1. Mathieu Bock-Côté, “ Notre avenir politique? ”, Argument, vol. 5, no 2, printemps-été 2003, p. 45-55. Je renvoie à ce texte après chaque citation, en indiquant la page citée entre parenthèses.
2. “ Y a-t-il une “nation québécoise”? Est-il impératif qu’elle advienne? ”, Argument, vol. 5, no 1, automne 2002-hiver 2003, p. 99-119.
3. Expression de F. Dumont, tirée par M. Bock-Côté de Genèse de la société québécoise, sur laquelle il faudrait par ailleurs revenir.
4. Ces lignes s’inspirent du livre d’Hannah Arendt, The Human Condition (Chicago, Chicago University Press, 1958), ainsi que de deux textes de Marcel Gauchet : “ Les tâches de la philosophie politique ” (Revue du mauss, no 19, 2002, p. 275-303) et “ Quand les droits de l’homme deviennent une politique ” (in M. Gauchet, La démocratie contre elle-même, Paris, Gallimard, 2002, coll. “ Tel ”, p. 326-385). Gauchet y présente trois vecteurs de la modernité démocratique qui se sont combinés différemment depuis leur apparition : le politique, le juridique et le social-historique. Le social-historique était à l’avant-plan lors du dernier siècle, de par l’influence du marxisme, entre autres, et laissait une grande place au politique. Depuis environ 1970, nous avons vécu une reconfiguration de ces vecteurs.
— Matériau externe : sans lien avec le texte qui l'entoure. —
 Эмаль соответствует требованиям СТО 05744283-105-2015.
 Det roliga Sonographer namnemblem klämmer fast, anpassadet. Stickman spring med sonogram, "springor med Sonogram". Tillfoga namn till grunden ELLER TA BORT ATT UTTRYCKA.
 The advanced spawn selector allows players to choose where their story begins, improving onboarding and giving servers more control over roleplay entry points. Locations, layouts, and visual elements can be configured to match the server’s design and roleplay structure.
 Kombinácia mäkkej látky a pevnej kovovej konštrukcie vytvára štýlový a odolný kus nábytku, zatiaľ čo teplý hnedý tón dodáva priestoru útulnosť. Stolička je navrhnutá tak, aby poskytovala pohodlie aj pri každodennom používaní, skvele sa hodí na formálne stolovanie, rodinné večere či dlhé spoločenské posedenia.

Le juridique, les droits privés de l’individu en tête, est devenu la seule source de légitimité du gouvernement et de l’action démocratique, s’opposant pour l’instant au politique et au social-historique. Rien n’empêche pourtant une nouvelle reconfiguration de ces vecteurs...
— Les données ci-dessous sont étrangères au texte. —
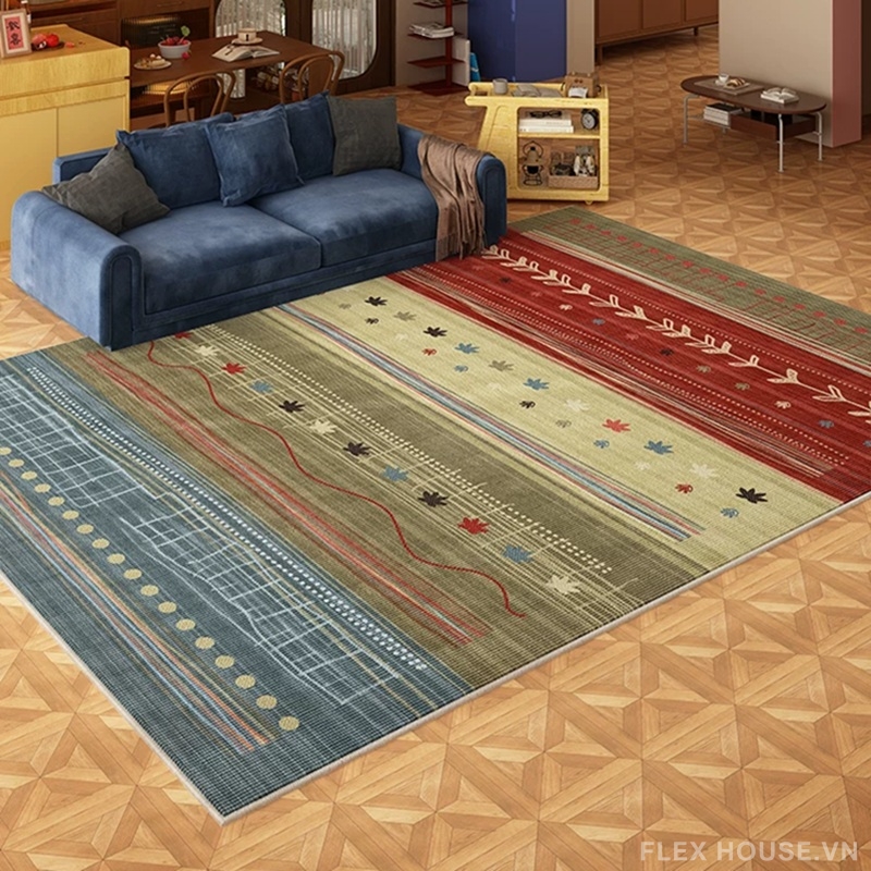 ấy cảm hứng từ vẻ đẹp dịu dàng của mùa thu, thảm trải sàn phòng khách cao cấp HY3362 mang đến một “bản hòa ca sắc màu” ấm áp với những dải màu đan xen như giai điệu Autumn Melody đầy cảm xúc. Các gam màu trầm như xanh rêu, đỏ gạch, be, xám… được phối hợp tinh tế cùng họa tiết lá nhỏ điểm xuyết, tạo nên tổng thể vừa cổ điển vừa hiện đại – phù hợp với nhiều phong cách nội thất từ Vintage đến Contemporary.
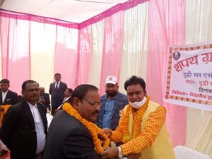 तत्पश्चात नोटरी अधिवक्ता रेनू देवी अग्रहरी के द्वारा मां सरस्वती की मधुर वंदना गीत प्रस्तुत किया गया, तदुपरांत एल्डर कमेटी के चेयरमैन अशोक कुमार ने नवनिर्वाचित पदाधिकारियों कैलाश कुमार गुप्ता एडवोकेट को अध्यक्ष पद की शपथ सर्वप्रथम दिलाई गई।

5. Un principe qui est peut-être, comme le suggère G. Labelle dans le dernier numéro d’Argument, un restant de l’hégéliano-marxisme québécois des années 1960 et 1970.
6. Pierre Drouilly, Jean-Herman Guay et Kristoff Talin, “ Quelques conclusions à tirer des élections ― 1 ”, Le Devoir, Montréal, 22 avril 2003 ().
7. Raphaël Arteau-McNeil, “ La tentation d’en finir avec la politique ”, Argument, vol. 5, no 2, printemps-été 2003, p. 21-27.